His expression sobers, but he remains relaxed, muscles loose, and his jaw no longer locked the way it had been when we first met.

“As you’re well aware, I’m a virgin. I always assumed that was down to a lack of time, but the more I’ve fallen for you, the more I’ve realised I am one horny bastard for you.

” My chest shakes with laughter. “I think if I’d been even half as horny in my early twenties as I am around you, I’d have found the time. I think it’s just you.”

I love that we're always on the same wavelength.

“I can confidently say the same. I’ve had sex a few times with people I had no emotional connection with, and it sucked.
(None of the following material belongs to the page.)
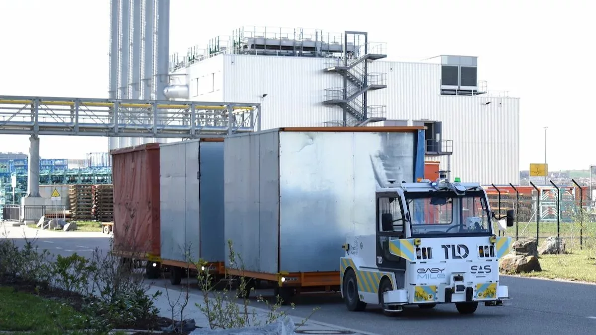 Autonomous driving company Easymile is showcasing a new “TractEasy” driverless tow-tractor. EasyMile has been providing solutions for the autonomous transport of people and goods for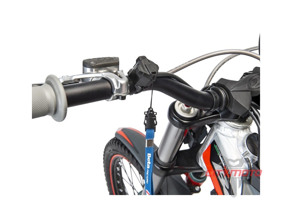 Elektronický klíč: toto nové elektronické zařízení je držitelem exkluzivního evropského patentu uděleného společnosti Betamotor (EP3064405B1) a poskytuje funkci ochrany proti krádeži a zároveň chrání motocykl a jeho jezdce. Elektronický klíč je dvoudílná součást: jedna část zůstává připevněna k řídítkům motocyklu, zatímco druhá je magnetická (jezdec jej nosí se šňůrkou kolem zápěstí), který zastaví motor motocyklu v případě, že dojde k odpojení. Na rozdíl od normálního Kill-Switche však nový elektronický klíč obsahuje také funkci ochrany proti krádeži, která zabraňuje nastartování motocyklu při odpojení, a to díky kódování, které jedinečně spojuje motocykl s klíčem a chrání tak před krádeží, když je ponecháte motocykl bez dozoru. Větší ochrana pro motocykl a jezdce v jediném řešení, které je výhradně patentováno společností Betamotor; poprvé jako standardní výbava.

But your hand slips between my thighs while we’re sleeping, and I wake up drenched.”

His eyes spark at that, a mischievous grin twisting his lips. He trails his hand down my spine, over my hip, and dips the tips of his fingers beneath the hem of the shirt that's ridden up.

“Can I find out? For research purposes, of course,” he rasps.

“Of course.” My smirk grows as he nudges his fingers lower, my arousal coating them.

His head falls back, a pained look crossing his face as a groan flies past his lips. “I really shouldn’t have done that,” he whispers. “Now that I know, it’s going to be so bloody difficult to think straight while we have this conversation.”

“I think the talking part is just about over,” I murmur, pressing his hand more firmly against my centre. “We can take everything as slow as either of us needs, checking in frequently and communicating what we like and what we don’t.”

A worry I haven’t voiced rises to the surface, and suddenly I feel very exposed.

“You’re biting your lip. What’s going on?”

My gaze flicks to his. “What if I don’t enjoy sex, even with you, and I can’t pleasure you the way you need?”

He shakes his head.

“Sweetheart, I’ve been thriving for years with nothing but my hand, deliciously good books, and my imagination. I’d rather have any pieces of yourself you’re willing to give me than sex with anyone else. I just need you. Only ever you.”

My heart settles, the sincerity of his words vibrating through me. “Do you wanna try now?”

His eyes widen. “Your parents are here…”

“Then you’d better be quiet, princess,” I whisper, my lip quirking in a taunting smirk.